What Makes Each Drink Unique?
Rakija
Unlike standard commercial brandies, rakija is traditionally double-distilled in small copper pot stills without any added sugars. Its deep cultural integration means it is often crafted domestically using varied, locally sourced fermented fruits, resulting in a distinctly rustic, unstandardized, and intensely potent flavor profile.
Chartreuse
This liqueur is distinguished by its proprietary blend of 130 botanicals, known only to two Carthusian monks at any time. Furthermore, its distinctive natural color, derived entirely from chlorophyll without artificial dyes, remains uniquely stable despite the high alcohol content and extended aging.
The Taste Experience
Rakija
Rakija presents a highly concentrated, fiery alcoholic warmth accompanied by the distinct, natural essence of its base fruit. The finish is typically long, sharp, and dry, leaving a pronounced, lingering warmth on the palate after each sip.
Chartreuse
Green Chartreuse presents a complex, heavily botanical flavor profile. It delivers pronounced notes of pine, citrus, and anise, balanced by a deep, syrupy sweetness. The finish is lingering, earthy, and notably warm due to its high alcohol by volume content.
Serving Notes
Rakija
The recommended serving temperature for rakija is 4 degrees Celsius / 39.2 Fahrenheit. Lower temperatures suppress the intense alcohol heat while highlighting the botanical anise notes.

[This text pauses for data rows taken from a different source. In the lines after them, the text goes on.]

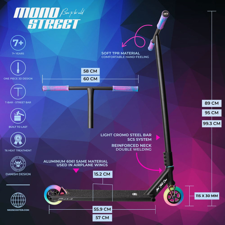 - Szerokie, wytrzymałe koła o średnicy 115 mm, szerokości 30 mm i twardości 88A zapewniają miękkie i łatwe lądowania oraz świetną przyczepność. Wyposażone są w rdzenie z aluminium 6061 T6, co gwarantuje niezwykłą trwałość, a ich okrągły profil zapewnia mniejszy opór. Dodatkowo street brake chroni tylne koło przed nieoczekiwanym zatrzymaniem
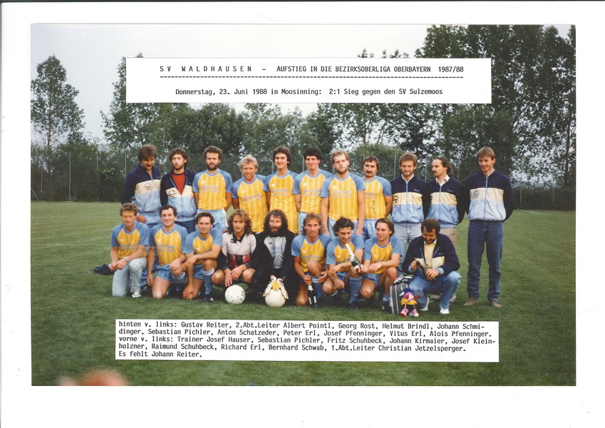 Das Foto zeigt ihn im Entscheidungsspiel am Donnerstag, 23.06.1988 in Moosinning gegen den SV Sulzemoos, das unsere Elf mit 2:1 gewann und damit die Sensation perfekt machte. |
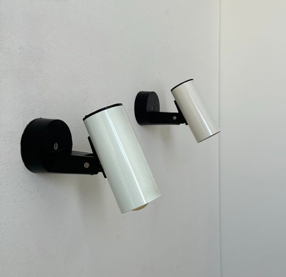 Coppia di applique orientabili in metallo bianco prodotte in Francia negli anni Settanta.
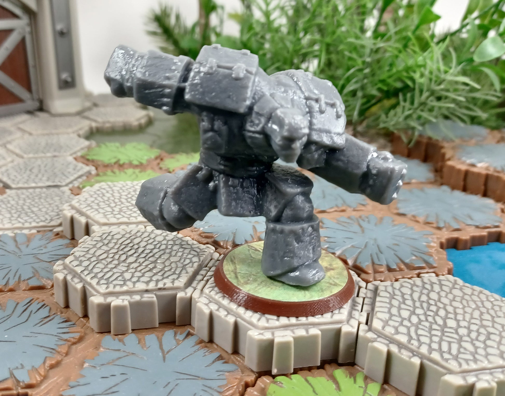 Resin 3D printed minatures for the Classic game Heroscape. The Resin is a tough ABS like blend to reduce fragility slightly. The brown bases are 3D printed with FDM filaments. The stickers are a premium Matte (Non-Gloss) Sticker material and are precisely cut with a CNC machine. The minatures, bases, and stickers are sent unassembled. An extra sticker is included with each squad.
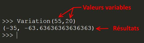 La Console correspond à l'écran de droite. On y lance les fonctions avec les valeurs désirées pour les variables et on y lit les résultats.
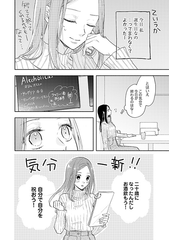 二十歳の誕生日に彼氏と破局した翠(すい)。暗い気分で一日を終わらせたくなくて、楽しく人生初飲酒!…をしたものの、目に入るのは楽しそうに寄り添う恋人たち。
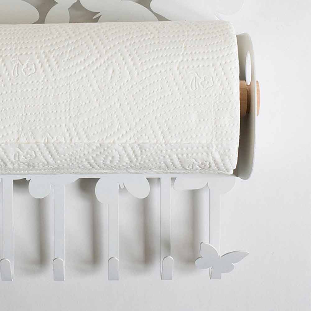 Porte-rouleau mural design moderne en fer blanc ou beige fabriqué à la main en Italie.
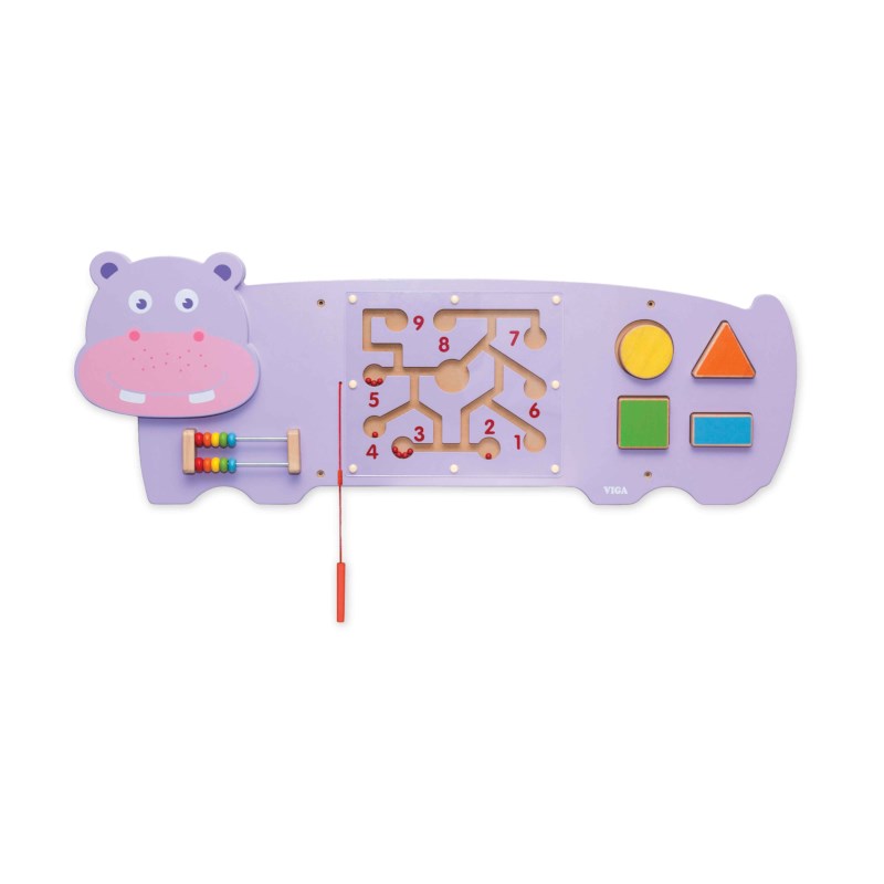 Een houten motoriekbord in de vorm van een nijlpaard voor aan de wand.

Chilling also facilitates the louching effect when water is added, creating a desired milky emulsion through the precipitation of essential oils.
Chartreuse
The recommended serving temperature for chartreuse is 12 degrees Celsius / 53.6 Fahrenheit. Serving at twelve degrees Celsius balances the intense herbal complexity with the high alcohol content. This temperature prevents the spirit from becoming overly volatile while allowing the intricate botanical notes to remain perceptible on the palate.
History & Origin
Rakija
The origins of rakija trace back centuries in the Balkan Peninsula, likely evolving alongside the introduction of early distillation techniques by the Ottoman Empire. The name itself derives from the Arabic term for distilled spirits. Over time, this potent fruit brandy became deeply embedded in regional rural traditions. Families began crafting their own variations utilizing abundant local harvests, cementing its status as a vital cultural staple.
Chartreuse
Chartreuse is a French liqueur originally created by Carthusian monks in 1737 from a 1605 manuscript. Originally formulated as a medicinal elixir, it quickly became a widely consumed beverage. To this day, the complex mixture of botanicals is exclusively prepared by only two monks at a time, who closely guard the exact recipe at their distillation facility located in the French Alps.